Abstract: A method of implementing at least one fused operation in an embedded circuit and a control unit thereof ABSTRACT A method of implementing at least one fused operation in an embedded circuit 11. In step S1, the at least one fused operation will be run by a control unit 10 stored in a workload slot 12 of the control unit 10. In step S2, an output of the at least one fused operation is saved in the form of a custom fixed points (CFX) format in an intermediate register 14 of the control unit 10. In step S3, a final fused operation is computed from at least one output of the at least one fused operation. In step S4, a final output of the final fused operation is modified into a POSIT data type prior to saving in the control unit 10. (FIGURE 1)
Description:Complete Specification:
The following specification describes and ascertains the nature of this invention and the manner in which it is to be performed:
[0001] Field of the invention:
The invention is related to a method of implementing at least one fused operation in an embedded circuit and a control unit thereof.

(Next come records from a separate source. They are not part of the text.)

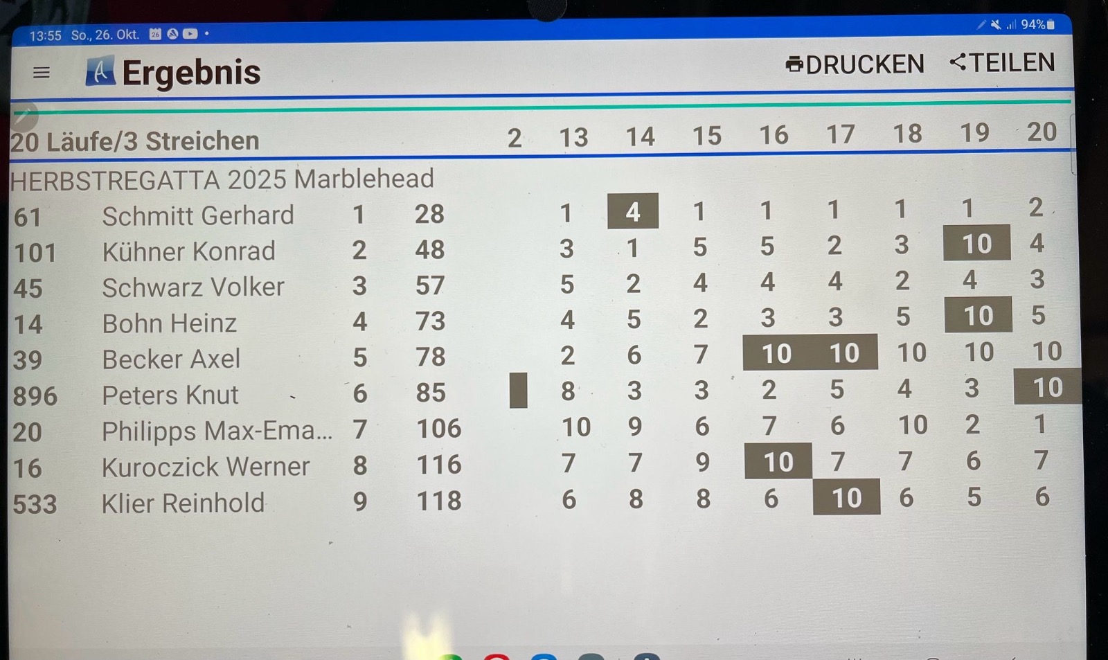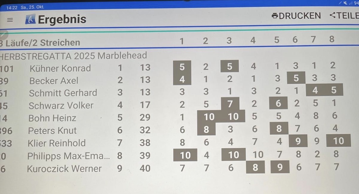 Schön, dass wir mit Heinz Bohn aus Jüchen und Knut Peters aus Berlin auch zwei wirklich weit angereiste Segler unter uns hatten. Allen Teilnehmern hat die traditionelle Herbstregatta am Feringasee wieder sehr gut gefallen. Nochmals vielen Dank an alle Ausrichtenden und Unterstützer – wir freuen uns schon aufs nächste Jahr!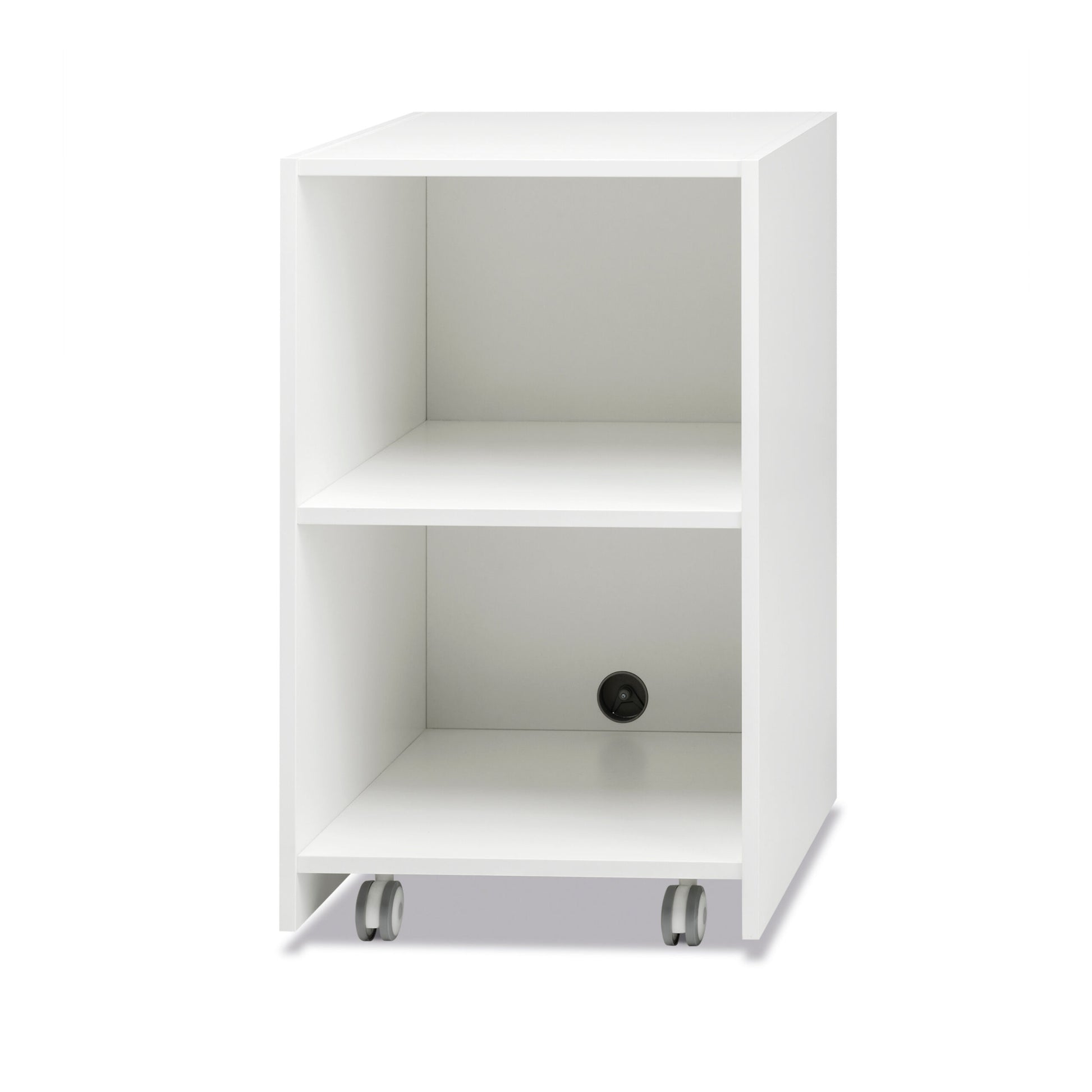 Struttura in nobilitato bianco, spessore da 19mm e passacavo sul fondo nella parte bassa, diametro 60mm.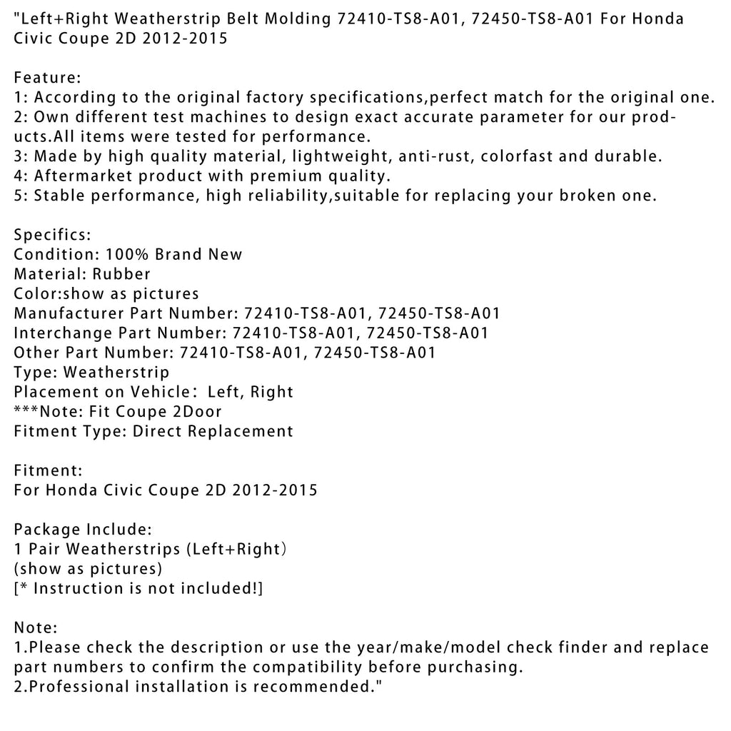 Honda Civic Coupe 2D 2012-2015용 좌우 웨더스트립 벨트 몰딩 72410-TS8-A01, 72450-TS8-A01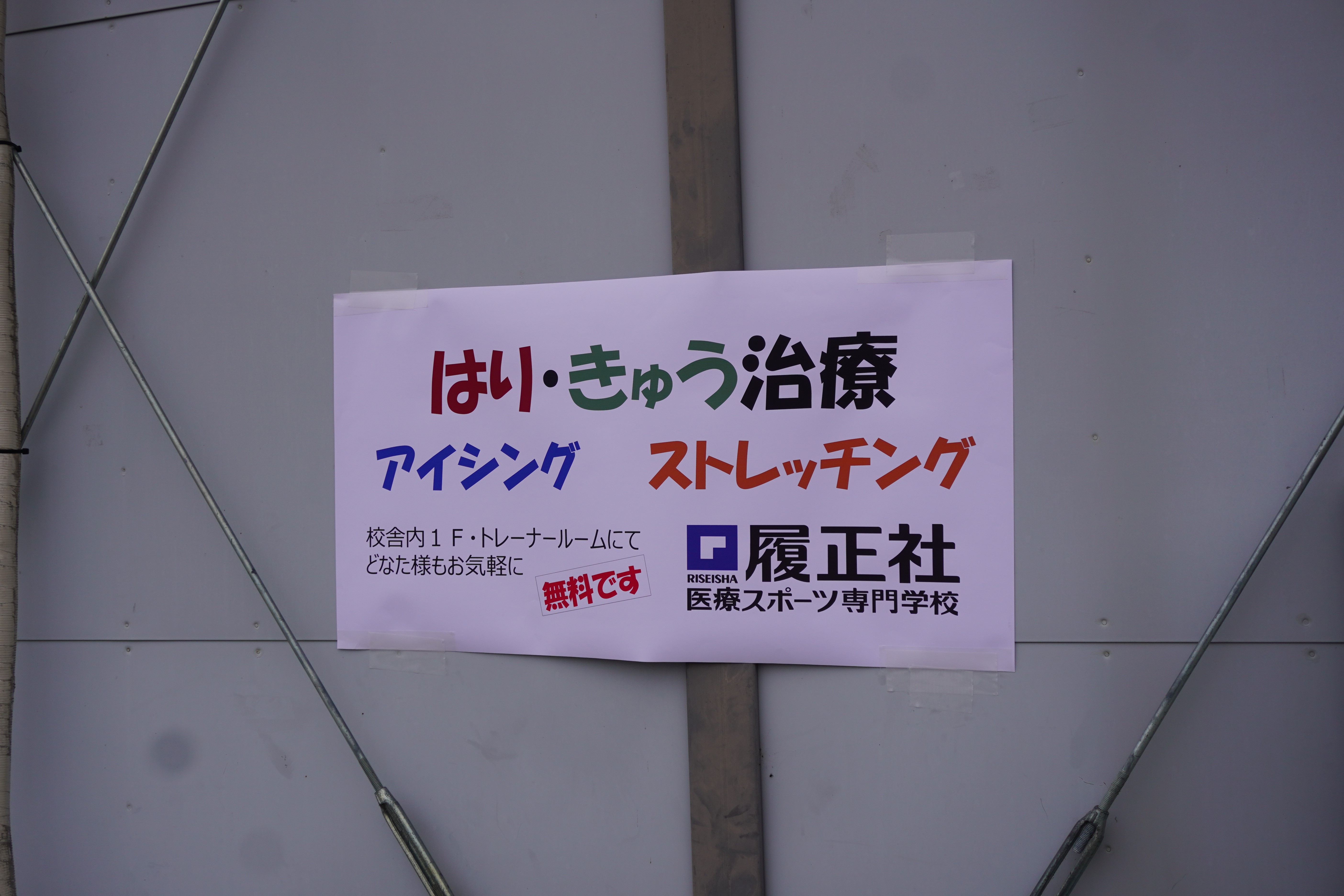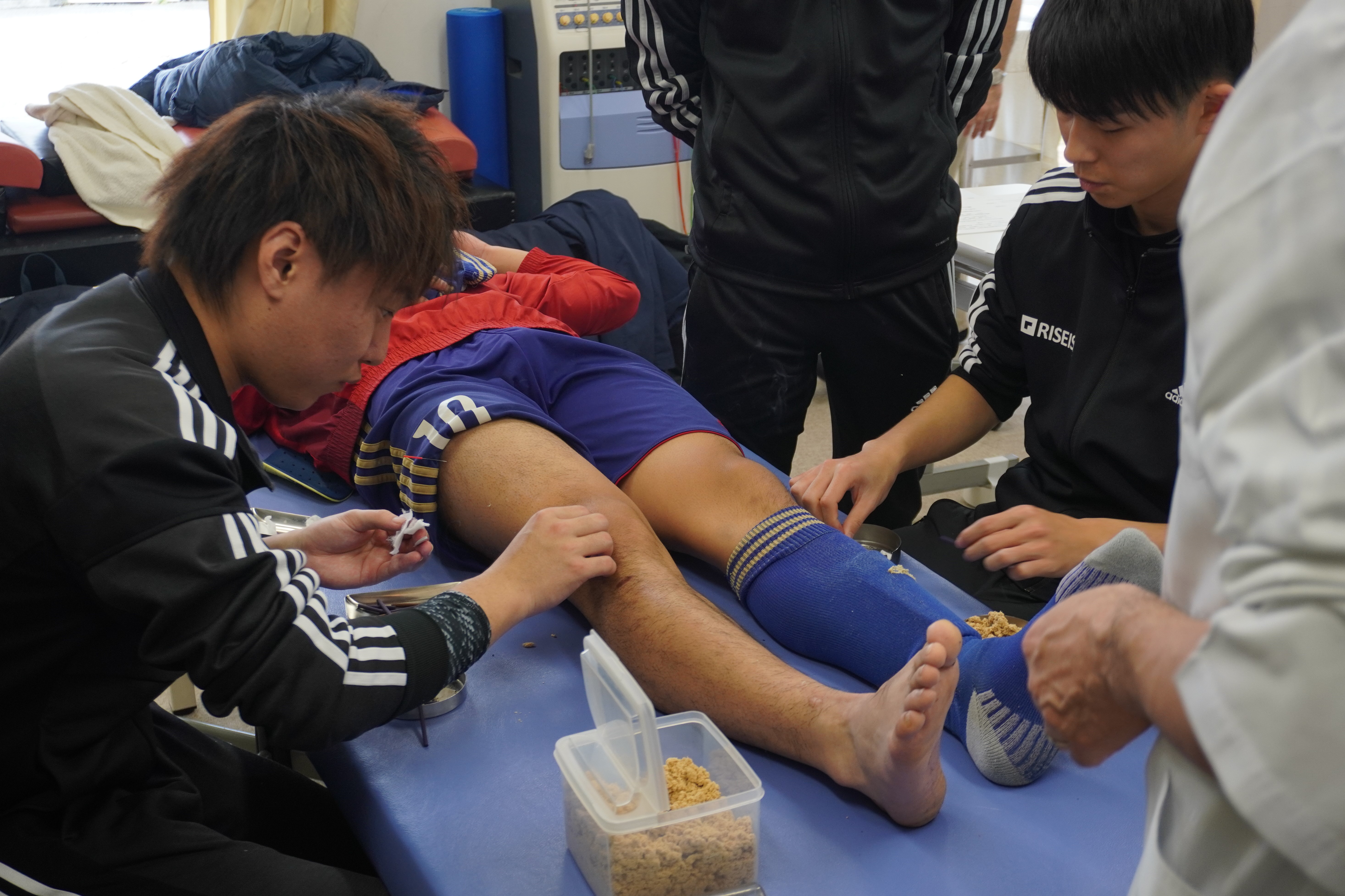 会場には医療学科の治療ブースも設置され、試合後や試合の合間に疲れた身体をアイシングしたりストレッチするなど鍼灸体験ですぐに癒しに来ていました。

[0002] Background of the invention:
Most of the application specific workloads like Artificial Intelligence (AI) or Digital Signal Processing (DSP) workloads, uses large series of multiply and accumulate (MAC) operations. To execute this series of MAC operations most of the modern-day decimal rounding of intermediate MAC results till last MAC operation. This a done to enhance the accuracy of final result. To implement the fused operation for POSIT datatype, very large fixed-point registers called Quires are used. The huge register bit length of Quires makes it difficult to integrate them on to an embedded processor because of higher on-chip area and power dissipation. The huge bit length of Quire also drastically effects the cache performance of the embedded devices thereby degrading the speed of hardware. Especially in the embedded application of Bosch the size of the Posit Quires
[0003] Brief description of the accompanying drawings:
An embodiment of the disclosure is described with reference to the following accompanying drawing,
[0004] Figure 1 illustrates a control unit for implementing at least one fused operation in an embedded circuit ; and
[0005] Figure 2 illustrates a flow chart of a method of implementing at least one fused operation in the embedded circuit according to the present invention.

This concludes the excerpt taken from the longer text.